> **Directions**
The task calls for the lines below from the line with "- 6. Sollte" to the line with "Innehåller järn, wedgar, putters", both ends included, copied exactly, without any pictures.

> **Data provided**
§ §

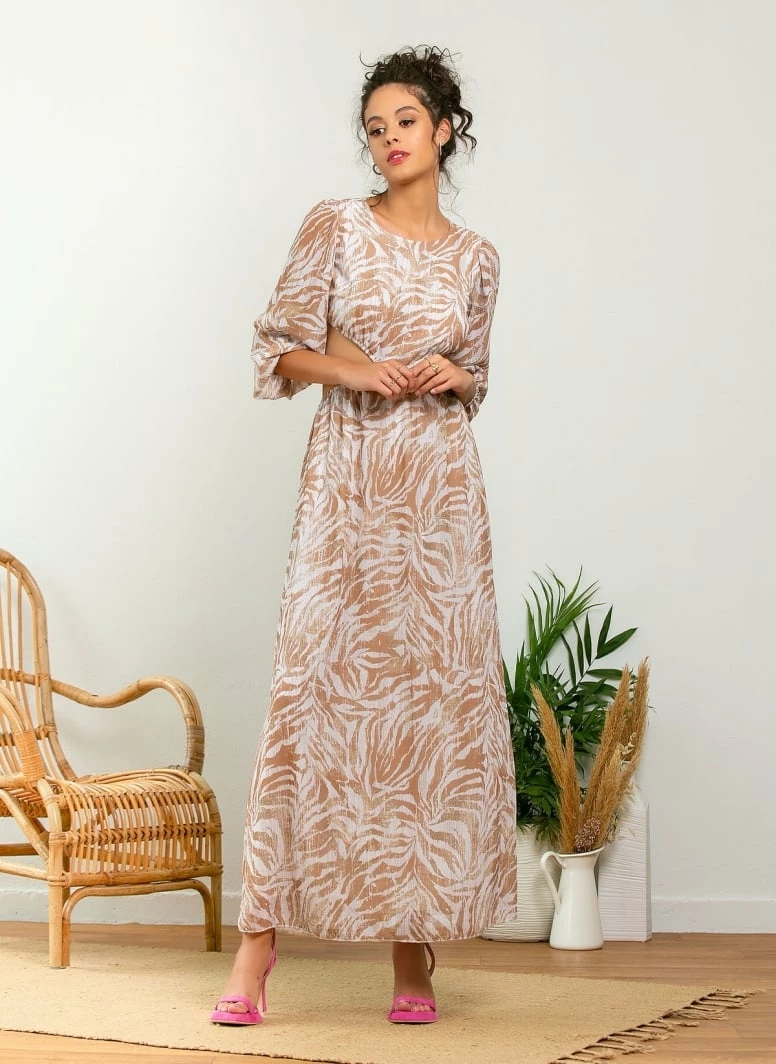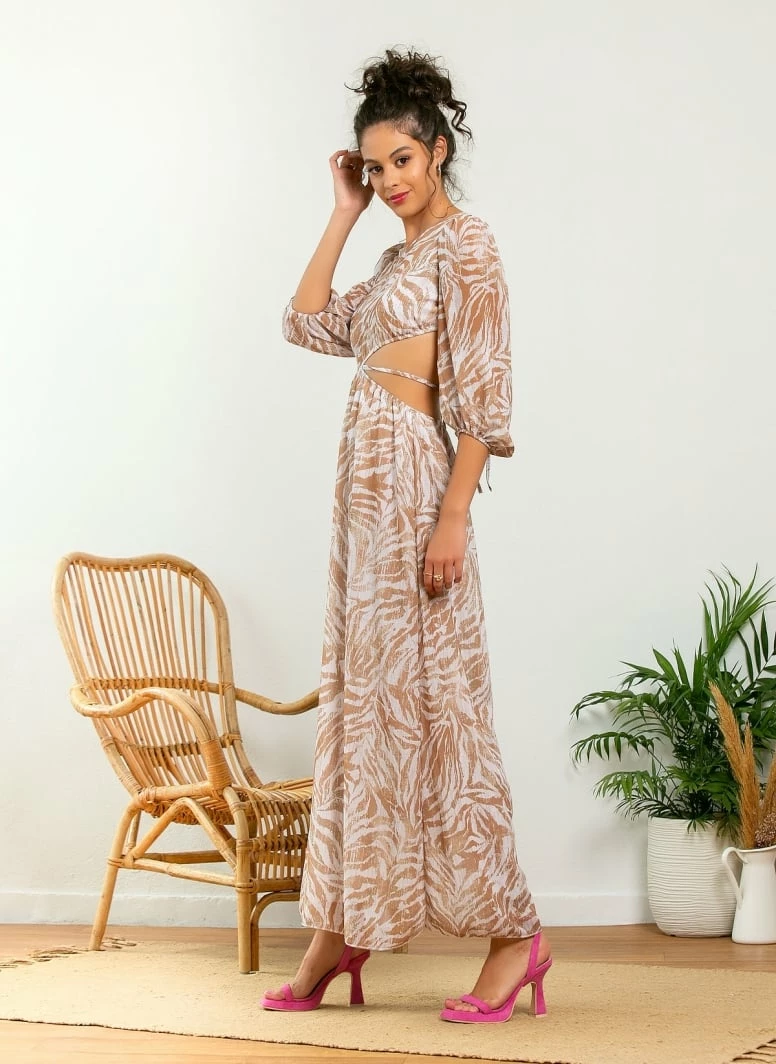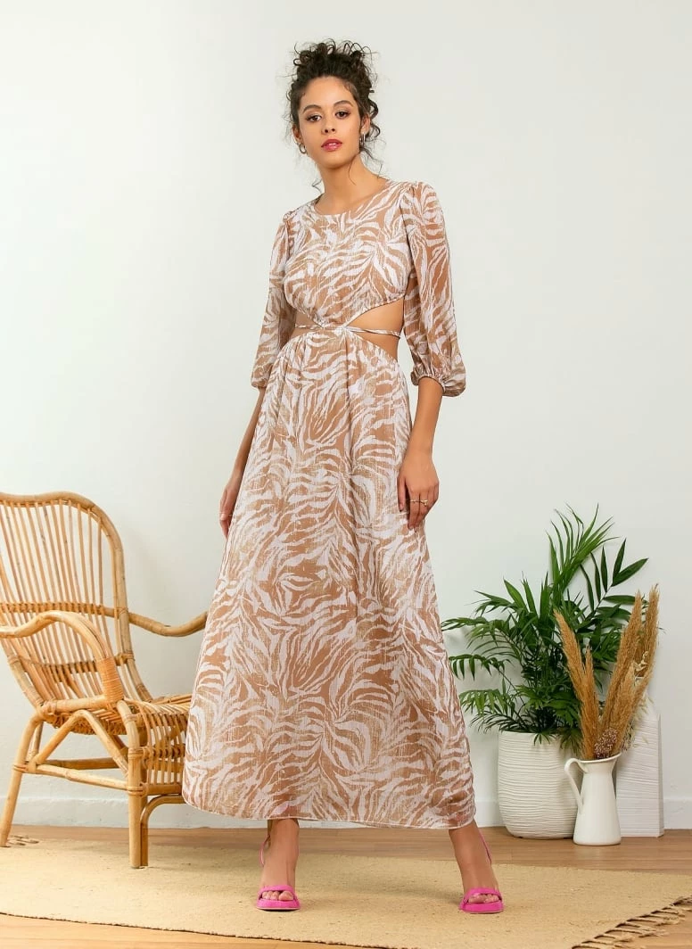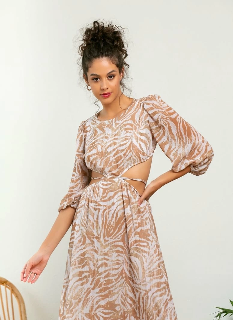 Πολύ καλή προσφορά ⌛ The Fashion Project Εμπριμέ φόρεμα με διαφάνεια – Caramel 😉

§ §

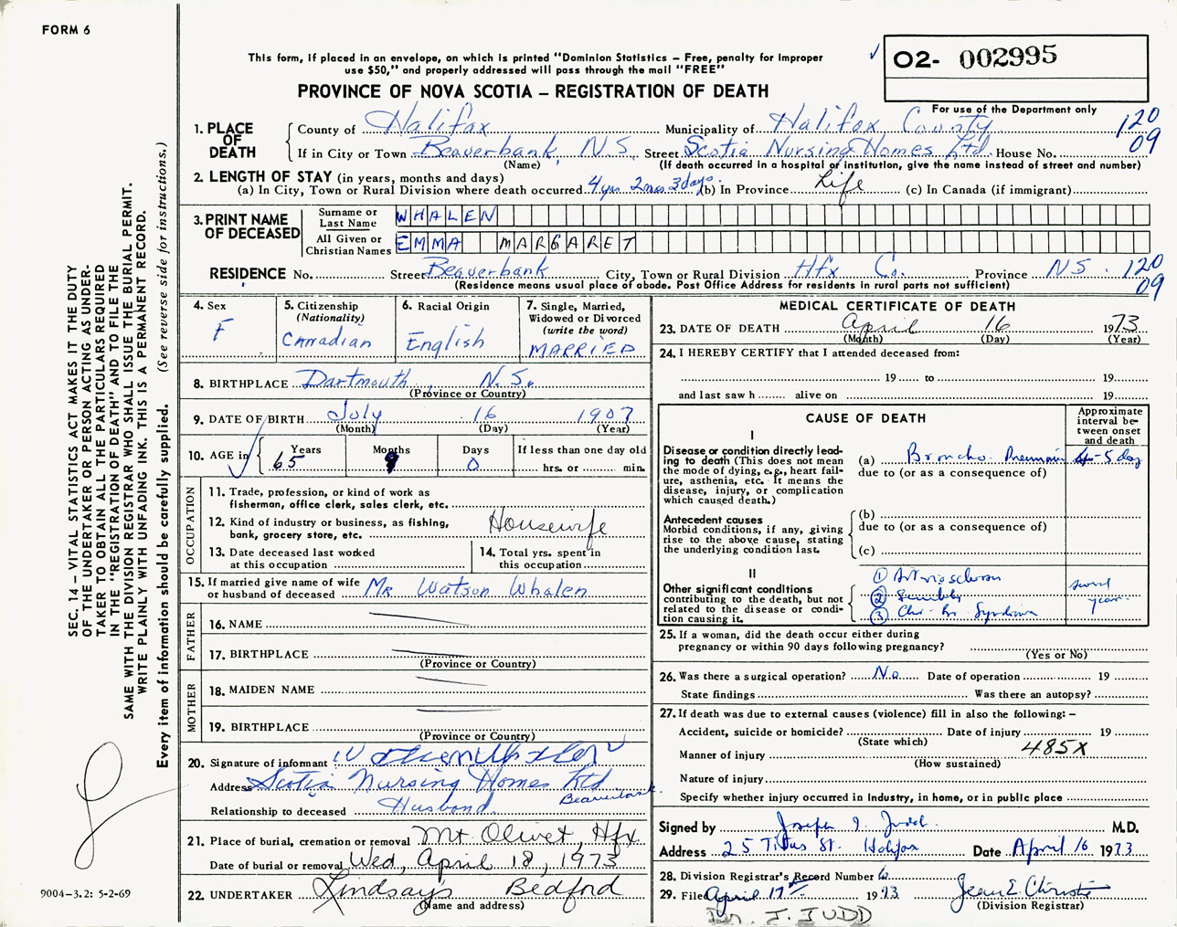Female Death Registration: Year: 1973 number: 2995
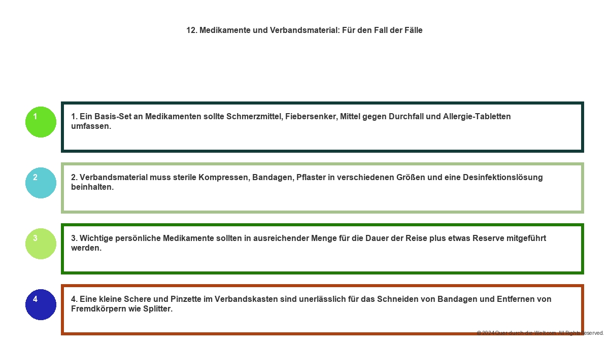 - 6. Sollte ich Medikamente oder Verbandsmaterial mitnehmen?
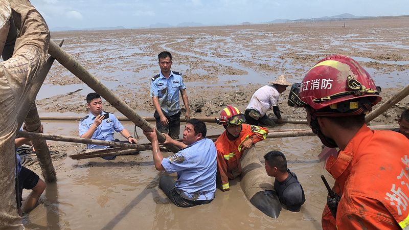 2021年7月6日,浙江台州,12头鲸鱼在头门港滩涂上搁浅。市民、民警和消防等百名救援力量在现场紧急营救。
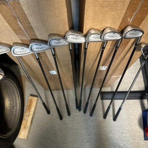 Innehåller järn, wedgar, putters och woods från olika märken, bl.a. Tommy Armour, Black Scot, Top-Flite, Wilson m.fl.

§ §

> **Response to this exercise**
 - 6. Sollte ich Medikamente oder Verbandsmaterial mitnehmen?
 2021年7月6日,浙江台州,12头鲸鱼在头门港滩涂上搁浅。市民、民警和消防等百名救援力量在现场紧急营救。
 Innehåller järn, wedgar, putters och woods från olika märken, bl.a. Tommy Armour, Black Scot, Top-Flite, Wilson m.fl.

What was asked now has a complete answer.